Newshub’s Lisette Reymer: ‘We owe it to Kiwis to tell the stories that matter’
Sunday, 3 March 2024
Lisette Reymer is Newshub’s Europe correspondent. Her coverage of the war in Ukraine won a major media award in 2023. This week Warner Bros. Discovery bosses announced it was planning to close the news agency.
OPINION: No, I don’t get danger money.
It's probably something I should have written in black and white long before now, given it’s without doubt the most common question I am asked.
But the follow up to that is inevitably, how do you choose what stories you tell?
There are plenty of assignments in the Europe patch, where the coverage goes without saying; the New Zealand prime minister is in town, the All Blacks are in town, the King gets his crown. They are straightforward and obvious stories to tell.
But there are others that are extraordinarily challenging to make happen. They require huge logistical considerations, security teams, translators, grisly conversations about how to cope with the smell of dead bodies, scary conversations about next of kin phone calls, and always uncomfortable conversations about how much it is all going to cost.
These stories are hard to tell, so fewer tell them; despite usually being the most urgent or pressing. They are the stories where journalists give a megaphone, or at least a microphone, to the most isolated, desperate voices. They are also stories that have global ramifications, and while New Zealand is at the bottom of the world, we are not exempt from those impacts.
In October 2023, we were boarding the train to Paris for the Rugby World Cup when Prime Minister Benjamin Netanyahu declared war in Israel. We bailed from the boarding queue, raced to Heathrow to fly to Jordan, planning to cross the border and drive to Tel Aviv, to be live on air with the latest by the time New Zealanders woke up.
I rang my good friend, and rugby reporter, Ollie Ritchie, to let him know the change in plan.
“We’re on our way to Israel.”
“Of course you are,” he replied.
The taxi driver was slightly more shocked by the conversation he was eavesdropping on.
But he didn’t know Newshub.
At Newshub we have always tried to tell the right story, not the easy one.
In fact, on the list of pros and cons – ‘ease’ has rarely featured. I have often said that our live crosses should have a special graphic plastered over top, listing the temperature, number of near-death experiences that day, hours of sleep we’ve had and where we slept (crammed into a car or a concrete bomb shelter… neither of which are one-off examples); because if my bleary eyes or beanie pulled down overtop of unwashed, unbrushed hair wasn’t making it obvious enough to the viewer… there’s often more than a lot being juggled behind the scenes.
Together with two brilliant camera operators, firstly with Daniel Pannett and now with Alex Parsons, and the support of a large and dedicated team at home, we have made the journey to Ukraine eight times to cover the war. Our commitment to the story has become personal and not just because I’ve been sanctioned by Putin.

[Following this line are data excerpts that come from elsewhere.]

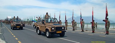 President Cyril Ramaphosa then took the salute from an impressive Military Parade, comprising some 8500 troops from each of the branches and a mechanised procession of vehicles including Ratels, Rooikat, G6 Self-propelled Howitzers, Olifant Tanks to name but a few. Marine Drive in Table View was lined with spectators who showed their enthusiasm with cheers and applause as the column rolled by.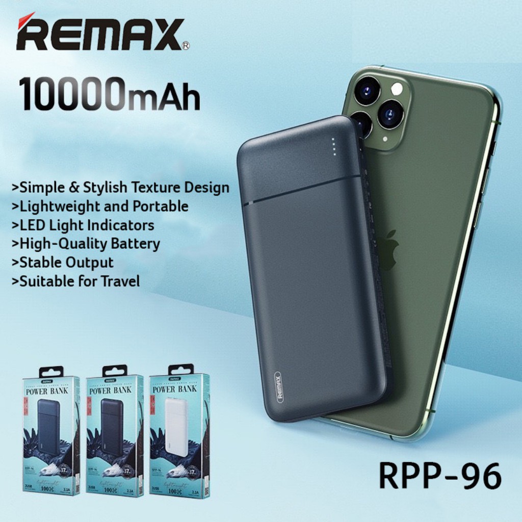 - Pin Dự Phòng 10000mah Remax RPP-96 Garie Series Fast Charing 2.1A tích hợp 2 cổng USB được trang bị lõi pin Lithium Polymer chất lượng cao với dung lượng 10000mAh cho phép sạc đầy thiết bị của bạn một cách rất tiện lợi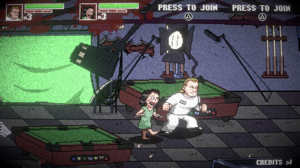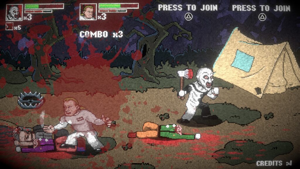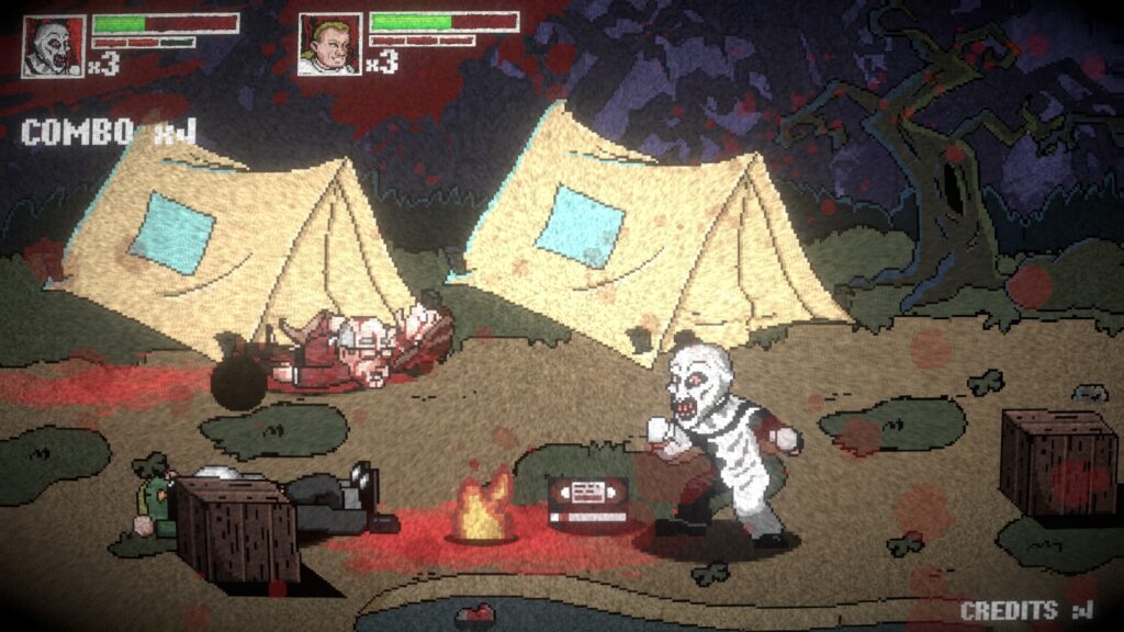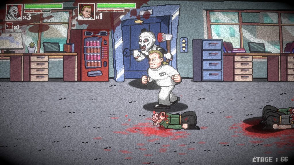 Terrifier : The ARTcade Game, c’est un beat’em up old-school, tout ce qu’il y a de plus basique. On avance, on dégage tout ce qui bouge, on mange un truc sur le sol pour remonter la barre… et on file à droite sans surprise. Les coups sont classiques : attaque rapide, bourrin, saut et une super attaque qui fait mal.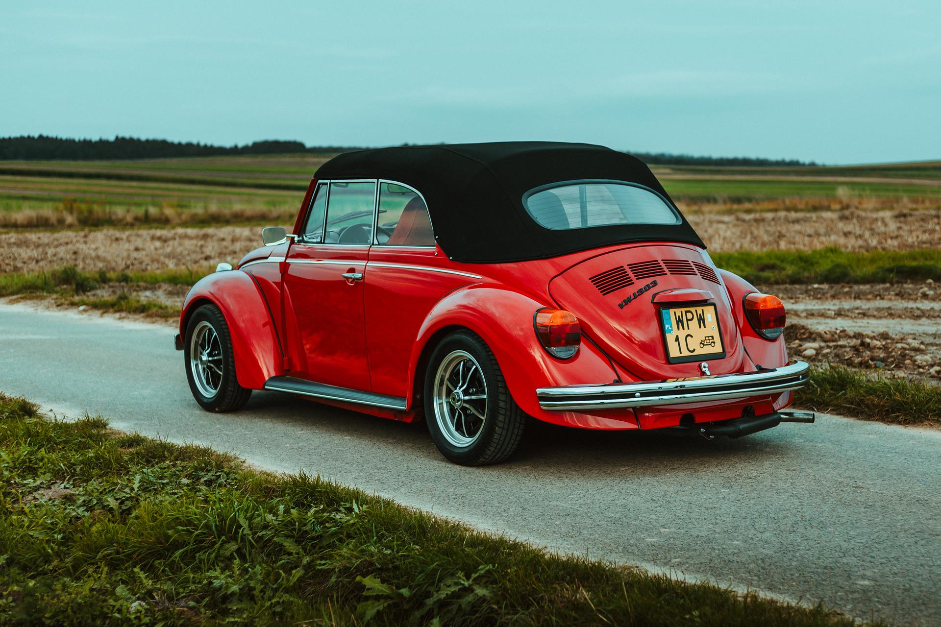 Przywracając do życia tego Volkswagena Garbusa zdecydowałem się obniżyć mu z przodu zawieszenie. Krótsze czerwone sprężyny ze sklepu garbus.pl zamontowane przez mojego przyjaciela Damiana Moskwę z Chrzanowa. Damian wykonał również podłogę oraz ustawił silnik z tym kabriolecie. Samochód posiada przednie hamulce tarczowe a odnowione zawieszenie sprawia, że płynie, również po nierównościach. Z pewnością lepiej pokonuje polskie drogi niż prezentowany na mojej stronie jego brązowy brat 1303. Kabrio 1303 jest wypoziomowany, odnowione fotele przyczyniają się do zwiększenia komfortu podróży. Aluminiowe felgi i opony 185/60/15 podkreślają rasowy wygląd. Samochód został odbudowany bazując na nowych częściach. Dotyczy to nie tylko blacharki ale oczywiście elementów zawieszenia, podwozia, uszczelek i dachu. Oczywiście wymieniony został cały układ hamulcowy, paliwowy i elektryka.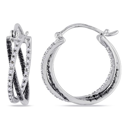 EVERLY JEWELRY | Sterling Silver 1/4 CT Black & White Diamond TW Hoop Earrings Black Rhodium Plated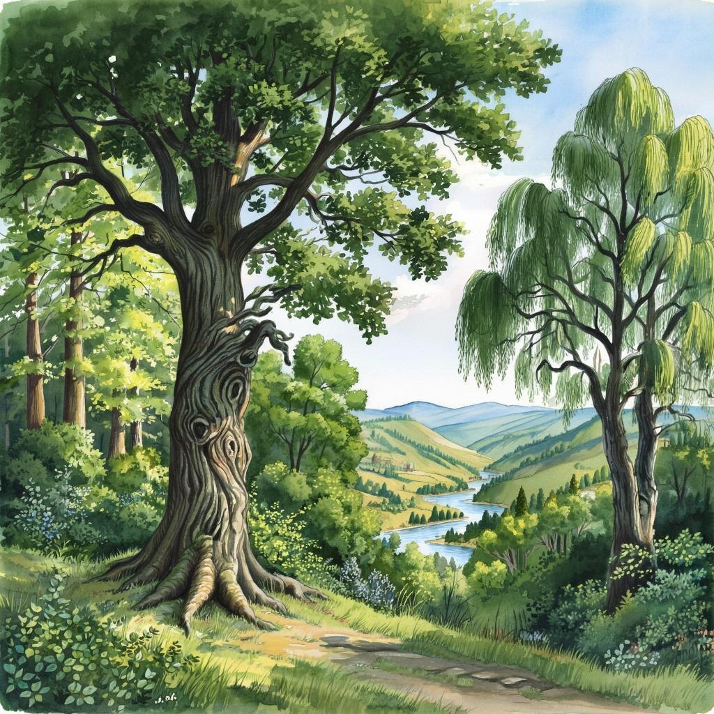 · Причерноморье: Доминировали разнотравно-злаковые степи с обильным включением мезофильного разнотравья (бобовые, сложноцветные). В балках и речных долинах произрастали густые широколиственные леса из дуба, вяза, липы, ясеня. Лесистость была значительно выше современной.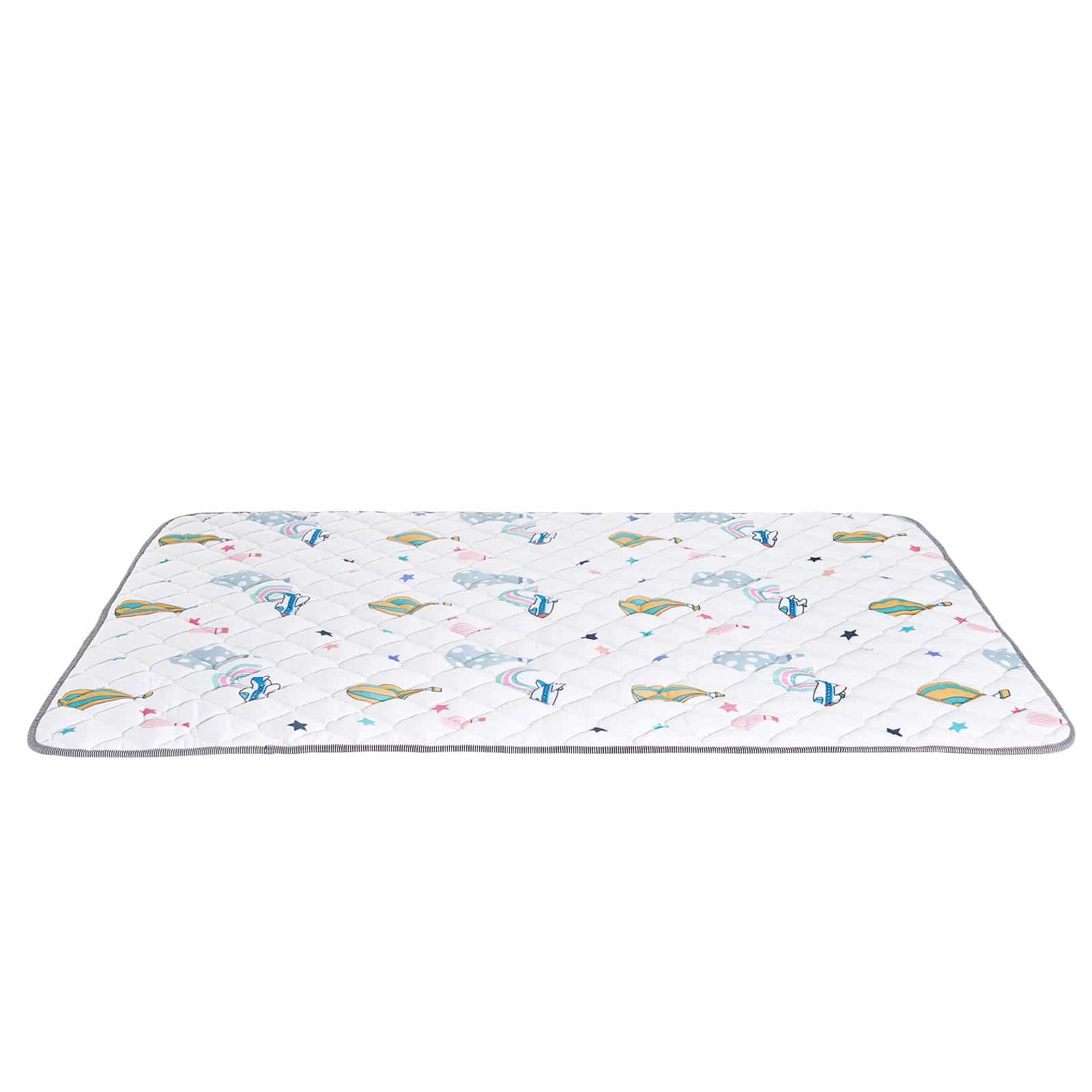 The floor mat is made from synthetic fiber material, with built-in thick synthetic cotton, which provides cushioning to prevent direct impact with the floor and protect your baby from injuries.

The children we have interviewed about experiences beyond their years, the flattened villages we’ve filmed, the families we’ve met recovering from months of Russian occupation and torture– we want New Zealand to keep hearing those stories and caring about them. I wonder regularly about what happened to the man we met in the catacombs of Odesa, preparing a blow-up mattress for his wife to give birth on underground that month. I hope like hell that baby just celebrated its second birthday above ground.
It’s not just about telling the story for the sake of those at the heart of it, but also because we owe it to Kiwis to tell the stories that matter. New Zealand has links and connections all over the world, and is also bursting with people who want to be informed fully about what is happening around the globe. From the earthquake epicentre in Turkey, the Syrian refugee crisis, the West Bank and Israel, and of course, Ukraine, having a Kiwi journalist on the ground, hearing the Kiwi accent, brings the story closer to home, even if it’s thousands of kilometres away.
We had just crossed the border to Poland from Kyiv when we got the news about the future of Newshub. The camera was filled with footage of incredible Kiwis we’d met there; some delivering aid to the frontline and evacuating the elderly from hotspots, others were facilitating the production of hot water boilers that will provide lifesaving heat to displaced families living in tents or bombed out homes.
When someone asks us through tears in a warzone to share their story with the world – to not forget about them – I have always taken the promises I offer them in return very seriously.
Newshub might only have a few more months left, but those stories will always need telling.